The MHRA’s block on the supply of drugs made at the plant that applies not only in the UK but across the entire EU, according to Bloomberg. The action relates to a unit at the plant which makes oral solid dosage forms such as tablets, capsules and dry syrups.

Production at the plant has been temporarily suspended and Wockhardt has said it should be able to maintain supplies of the affected products from other GMP-certified sites. It only expects the shutdown to last around three months. The drugmaker said previously it would take a charge of around $100 million as a result of the US import alert, but has not commented on the impact of the UK action.

Wockhardt has been growing at breakneck speed in the last few years, with sales topping the $1 billion mark for the first time in the last fiscal year, but analysts said the problems at Waluj could lead to a 15%-20% dip in revenues this year.  For its part, the company said it expected sales growth to be flat; last year, revenues advanced 29 per cent.

The Waluj facility failed a US inspection earlier this year and was issued with a Form 483 citing a number of deficiencies in April in production areas handling injectable products. It was also taken to task by the FDA in 2006 and issued a warning letter over poor record-keeping.

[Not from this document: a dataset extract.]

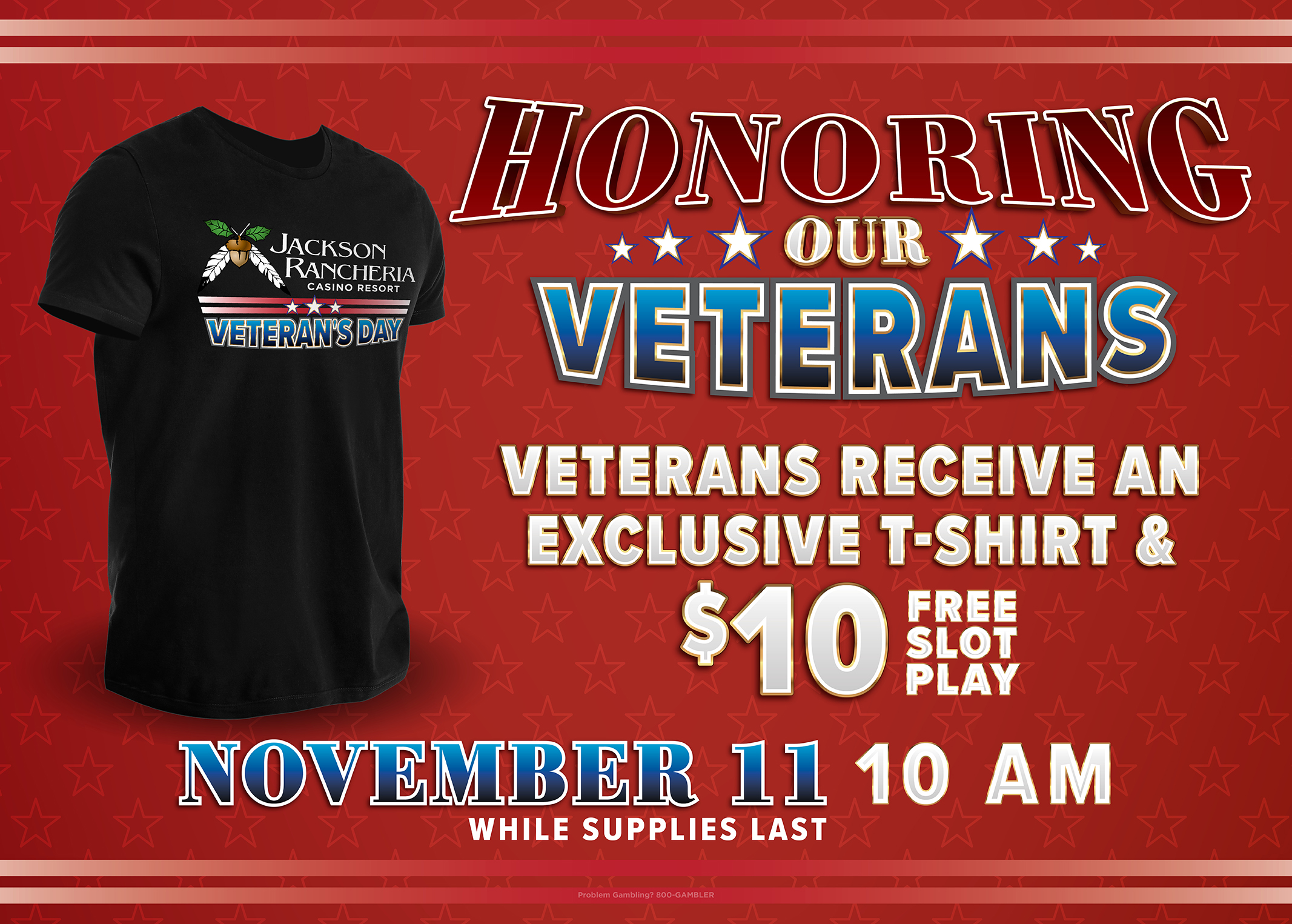 We will celebrate Veterans Day by offering all active-duty and retired military Veterans an exclusive Veterans Day tee shirt and $10 in Free Slot Play. To receive the Veteran’s Day tee shirt and Free Slot Play, guests must present a Veterans Card, Military I.D., American Legion Card, or their DD 214 (discharge papers) at the Dreamcatchers Club® during promotion hours. Eligible guests may participate only once between 10:00 a.m. and 10:00 p.m. on Tuesday, November 11. (Exclusive Veterans shirts are available while supplies last, exclusive to Veterans and active-duty military personnel; spouses are not eligible to participate.) T-shirts will be available while supplies last.

The deficiencies identified by the MHRA included a low risk of cross-contamination because of poor cleaning practices and defects in building fabric and the ventilation systems at the site. There was also evidence of forged documents relating to staff training records that had been rewritten.

“The MHRA has to act in the interests of public health as poor manufacturing standards cannot be allowed to continue,” said the agency in a statement released today (11 July).

Meanwhile, the Indian government has placed a ban on the sales of an opioid analgesic sold by Wockhardt and other drugmakers in a bid to clamp down on its misuse by drug addicts. The drug – called dextropropoxyphene, is sold by Wockhardt as Proxyvon and accounts for around 4% of the company’s domestic turnover, according to local news reports.